O campo funcionava como uma cidade. Havia Tur Prikulitsch, o romeno que atuava como preposto dos russos em troca de vantagens. Bea Zakel, amante de Tur pelas mesmas vantagens. Trudi Pelikan, a moça que perdeu os dedos do pé num acidente e foi trabalhar na enfermaria. Konrad Fonn, o acordeonista. Paul Gast, o advogado que comia a sopa de sua esposa até que ela morreu de fome. Oswald Enyeter, o barbeiro, que por sua profissão conseguia sobreviver melhor. Kati-plantão, a alienada mental que passou os cinco anos no campo sem saber onde estava.
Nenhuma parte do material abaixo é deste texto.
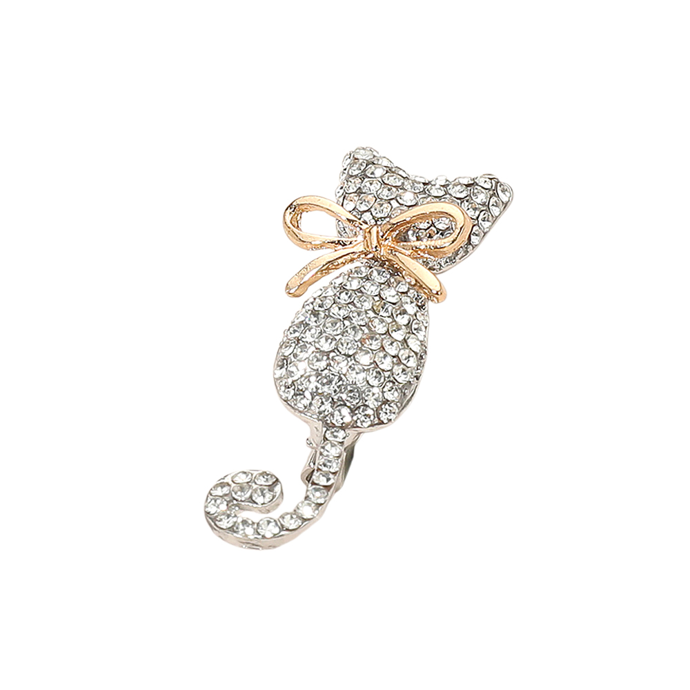 Details • Size : 0.6" X 1.6" • Pin Brooch • Chic cat brooch decorated with shimmering crystals and finished with a delicate bow accent. A playful yet stylish accessory that adds sparkle to jackets, scarves, or bags. Perfect gift choice for animal lovers, collectors, or anyone seeking a touch of whimsical charm in their look. • Lead and Nickel Compliant • Sterling Silver Dipped

Dos russos, a únca que merece atenção do narrador é Fenja, a moça feia responsável paor distribuir a ração diária de pão, momento no qual iniciava o grande dilema do dia: seria possível guardar pão para a noite?
Ao final do quarto ano, a situação melhorou. Os prisioneiros passaram a receber salários e mais comida, uma tentativa de encobrir a realidade no retorno.
A única notícia que Leo recebeu de casa foi um cartão postal anunciando o nascimento de um irmão. Ele interpretou isso como um sinal da família de que ele não precisava voltar: havia outro em seu lugar.
Leo retornou então para casa, mas como todos que passam por esse tipo de experiência, não conseguia comunicá-la. Distanciava-se da famíla. Continuava tendo encontros furtivos com homens, mas casou-se com uma moça e mudou-se para Bucareste. Após onze anos, a deixou e mudou-se para a Áustria.
A experiência de Leo Auberg é baseada na do poeta Oskar Pastior. Ele teve diversos encontros com Herta que resultaram em cadernos com anotações. Pretendiam escrever um romance juntos, mas Oskar morreu em 2006, de modo que Herta resolveu escrever o livro sozinha. O tema era importante para a escritora. Sua mãe passou cinco anos em um campo de trabalho na União Soviética e nunca conseguiu falar no assunto.
Marcelo Backes, em artigo no Estado de São Paulo, de 7 de maio de 2011 comentou: “Recentemente, descobriu-se que Oskar Pastior teria espionado outros escritores para a Securitate, um dos quais, Georg Hoprich, acabou se suicidando. Pastior foi chantageado pelo sistema, mas Herta também foi, e ainda assim resistiu. Mircea Dinescu, poeta romeno que pensou sob o mesmo sistema, defendeu Pastior e disse que era bom que ele estivesse morto, não vivenciando seu desmascaramento. Herta Müller se proclamou horrorizada, alegando que se soubesse do fato não teria colaborado com Pastior. Se foi só o acaso que permitiu Tudo o Que Tenho Levo Comigo, nós ganhamos com o acaso mais uma vez...”.
O estilo de Herta é poético e há muitas brincadeiras e jogos de palavras. Talvez o estilo não tenha me agradado, pois é o tipo de texto que só podemos sentir na língua original, embora o trabalho da tradutora seja cuidadoso (e difícil).
E talvez o tema não se preste à poesia (aqui vão me dizer que qualquer tema se presta à poesia). Mas Primo Levi, em É isso um homem? com seu texto direto e tradicional transmitiu a mim muito mais o horror e a singularidade da sua experiência.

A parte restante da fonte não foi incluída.